At this point, you should have:

These instructions open in a web browser.
Your Lab 9 project open in Posit Cloud in another browser window.
The required packages installed and loaded without errors
The Lab 9 worksheet in front of you.

Do not continue until all of the above steps are working correctly.

Overview

In this lab, you will analyze the relationship between two categorical variables using contingency analysis. A contingency table summarizes the joint distribution of two categorical variables and allows us to estimate measures of association such as relative risk (RR) and odds ratio (OR). These measures describe the magnitude and direction of an association between two binary variables. We will also conduct a chi-square test of independence to determine whether the observed association is statistically significant.

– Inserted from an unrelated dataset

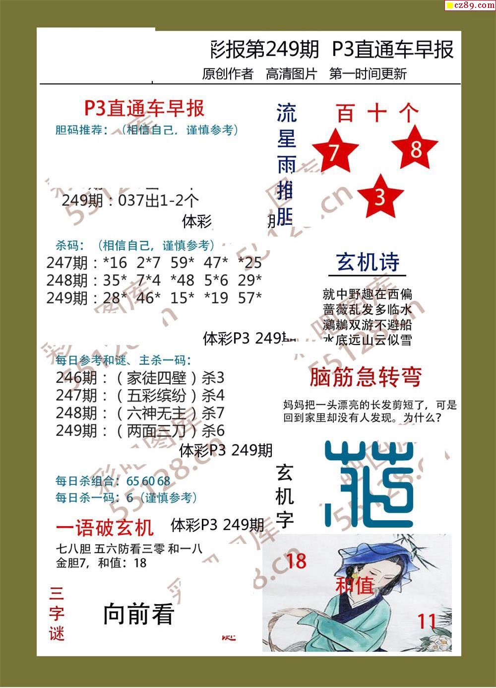 2025年296期牛彩网体彩P3画迷图谜汇总分享

You will use data from the National Health and Nutrition Examination Survey (NHANES), a large, nationally representative health survey conducted in the United States. For this lab, you will examine the relationship between sleep duration and depressive symptoms among adults.

Question 1

What are two ways to measure the magnitude of an association between two binary categorical variables?

Dataset and Variables

In this lab, you will use publicly available data from the August 2021–August 2023 cycle of the
National Health and Nutrition Examination Survey (NHANES), conducted by the
Centers for Disease Control and Prevention (CDC).

NHANES is a nationally representative survey of the civilian, non-institutionalized U.S. population. It combines interviews, physical examinations, and laboratory testing to assess health and nutritional status.

We will use two variables:

1. Depressive Symptoms (`DPQ020`)

File: Depression Questionnaire (DPQ_L.xpt)
Dataset:
https://wwwn.cdc.gov/Nchs/Data/Nhanes/Public/2021/DataFiles/DPQ_L.xpt

Variable documentation:
https://wwwn.cdc.gov/Nchs/Data/Nhanes/Public/2021/DataFiles/DPQ_L.htm#DPQ020

Question:
> “[Over the last 2 weeks, how often have you been bothered by the following problems:] feeling down, depressed, or hopeless?”

Response codes:

0 = Not at all
1 = Several days
2 = More than half the days
3 = Nearly every day
7 = Refused
9 = Don’t know

For this lab, you will recode this variable into a binary outcome:

No depressive symptom (0)
Depressive symptom present (1–3)

Responses coded 7 or 9 will be treated as missing.

2. Sleep Duration (`SLD012`)

File: Sleep Disorders Questionnaire (SLQ_L.xpt)
Dataset:
https://wwwn.cdc.gov/Nchs/Data/Nhanes/Public/2021/DataFiles/SLQ_L.xpt

Variable documentation:
https://wwwn.cdc.gov/Nchs/Data/Nhanes/Public/2021/DataFiles/SLQ_L.htm#SLD012

Question:
> “How much sleep do you usually get at night on weekdays or workdays?”

Response format:

3 to 13.5 = Reported in half hours
2 = Less than 3 hours
14 = 14 hours or more
77 = Refused
99 = Don’t know

For this lab, you will create a binary exposure variable:

Short sleep (< 7 hours)
Adequate sleep (≥ 7 hours)

Responses coded as 2 or 14 will be treated as-is, even though they may represent larger or smaller values.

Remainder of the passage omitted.